→ INFORMATION SHOWN

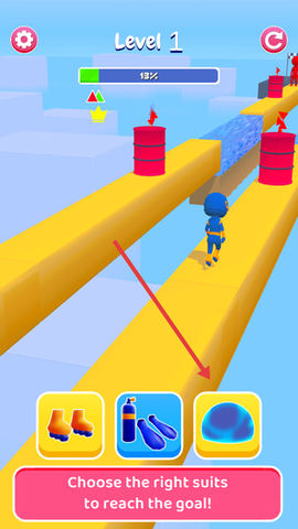 2、根据眼前的关卡环境,灵活选择你所需要的装备,面对障碍时不妨优先拿出防护类道具助你顺利通关。
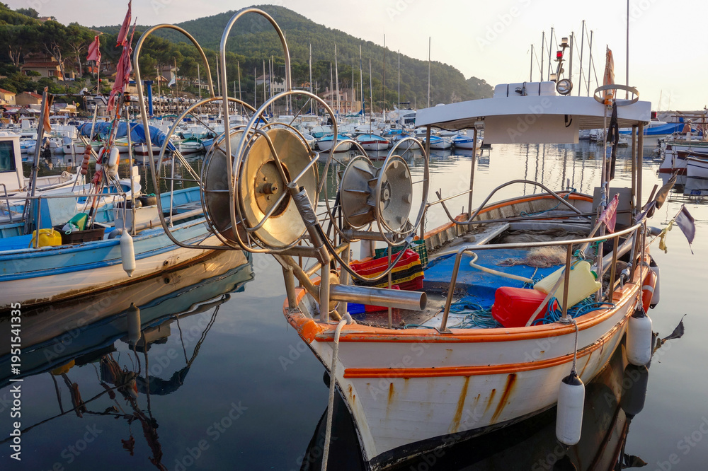 Bateaux de pêche à quai dans le port de la Madrague à Saint Cyr sur Mer #1951541335
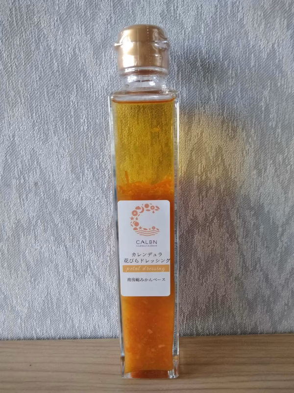 南房総産のみかんがベースになっているので、ドレッシング全体がオレンジ色。サラダにかけると、カレンデュラの花びらも広がり、オレンジ色が映えてきれいです。

→ DESCRIPTION OF THE TASK
Your answer must be the full listing, reproduced word for word, without its pictures.

→ WORKED SOLUTION
 2、根据眼前的关卡环境,灵活选择你所需要的装备,面对障碍时不妨优先拿出防护类道具助你顺利通关。
 Bateaux de pêche à quai dans le port de la Madrague à Saint Cyr sur Mer #1951541335
 南房総産のみかんがベースになっているので、ドレッシング全体がオレンジ色。サラダにかけると、カレンデュラの花びらも広がり、オレンジ色が映えてきれいです。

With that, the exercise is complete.